Treatment and Monitoring: 

Initially the recommendations were 2-5mg/kg/day. This resulted in side effects and currently lower doses are achieving good results without the side effects.

  •  1.5mg/kg oid or divided bid in the morning with food. In larger dogs (>20kg) give slightly less than 1 mg/kg.
  • An early 2-week check-up is to make sure the post stim cortisol level is not dropping too low. No dosage increases are made at this time.
  • BID treatment  has been shown to require a lower overall drug dose. Studies show improved survival in dogs treated bid vs those treated oid. Median survival of 900d for bid vs 662 d for oid treatment. Which makes sense if, at best, the drug is only in the system for 13 hrs .
  • In dogs where clinical signs are still present and suppression is in the target range on oid treatment,  bid medication is required as the effect of the drug is too short.

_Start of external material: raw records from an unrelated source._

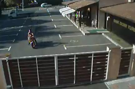 Ces images ont été enregistrées par les caméras de surveillance du parking d’un restaurant. On y voit un homme en moto qui se dirige droit vers le portail clos, bizarrement il ne freine pas.
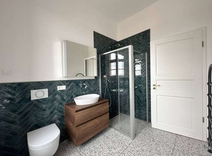 - Tageslichtbad mit edlen ozean-grünblauen Wandfliesen (Fischgrät) und grau-blau gesprenkelten Bodenfliesen
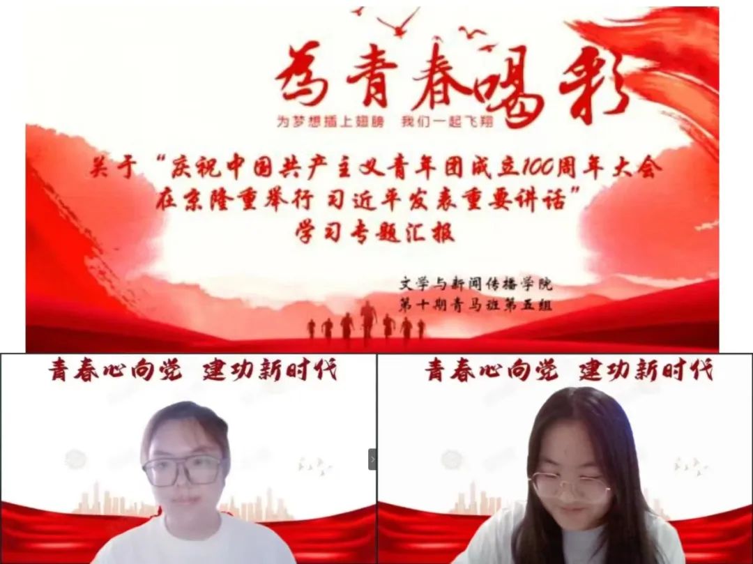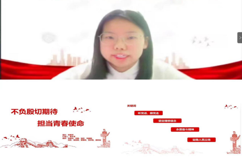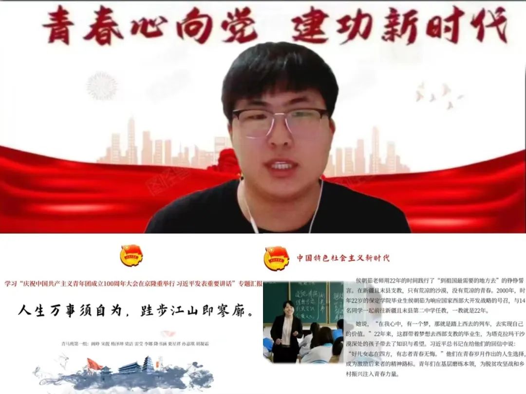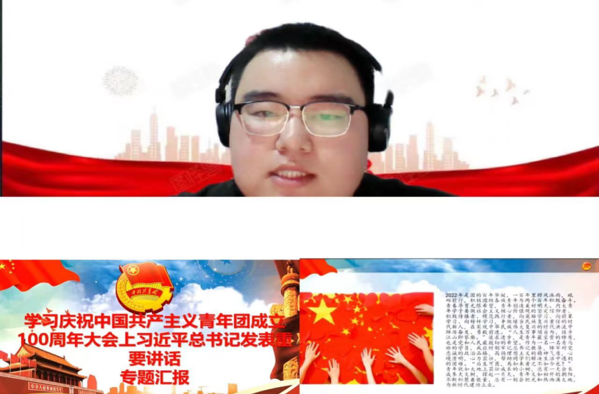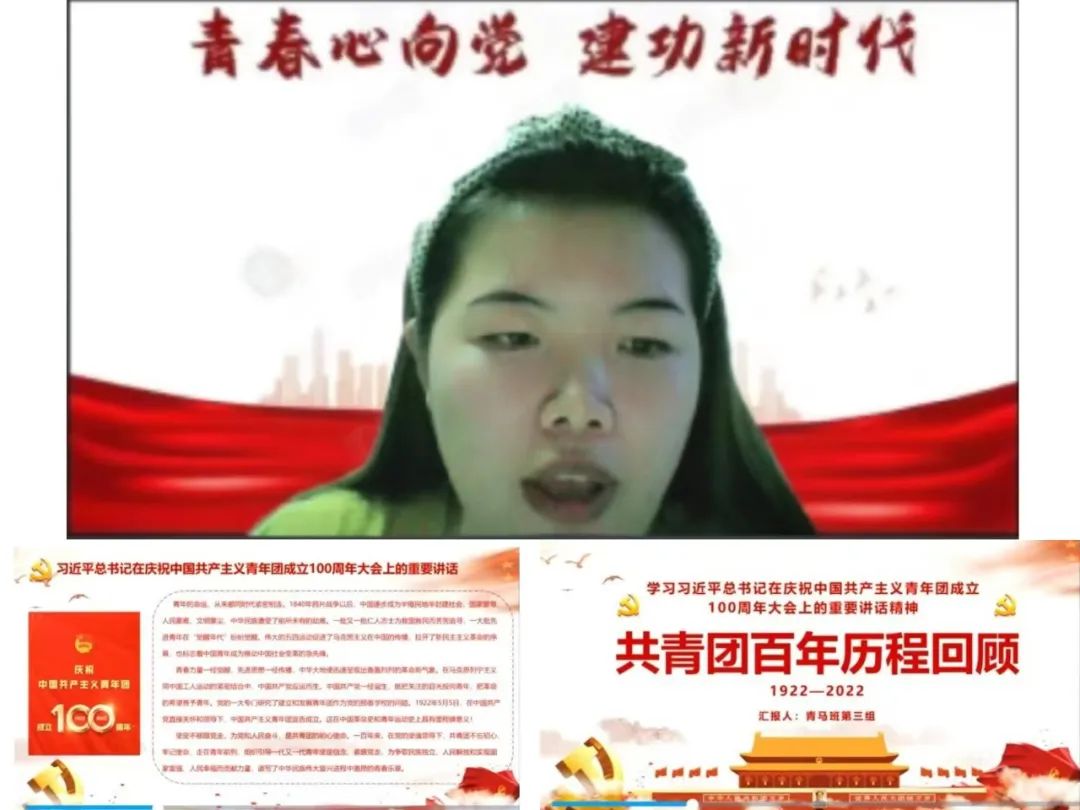 5月21日晚7:00,公司于腾讯会议平台组织青马班开展“学习习近平总书记在庆祝中国共产主义青年团成立100周年大会上的重要讲话精神”专题团课汇报展示,公司团总支副书记任文秀老师出席并主持本次活动,第十期青马班全体学员、2022年春季学期入团积极分子参加活动。学员们认真聆听学习习近平总书记重要讲话,深受鼓舞、倍感振奋,并结合所思所想以小组为单位进行汇报展示。

  • In dogs with concurrent diabetes mellitus – trilostane must be used bid from the beginning to reduce insulin resistance.
  • Repeat ACTH stimulation test at 4-6 weeks post initiation of treatment to evaluate the effect of the drug on cortisol secretion. Dosage adjustments can now be made if required.
  • Once the target post ACTH stimulation cortisol range of 50 – 150nmol/L, collected at 4-6 hours post pilling, is reached, monitoring can be done every 4-6 months.
  • If the post stim cortisol value is suppressed to <50 nmol/L then the medication is stopped for a week and restarted without performing and ACTH stim test.
  • If the dog was showing any signs of inappetance, tremors and lethargy concurrently with a low post stim cortisol value then an ACTH stim test is performed prior to re-initiating treatment and treatment is only started again once cortisol levels rise into the target range. For some reason – even though the drug is just an enzyme inhibitor and has a short half-life – its effects can be quite lasting in some animals.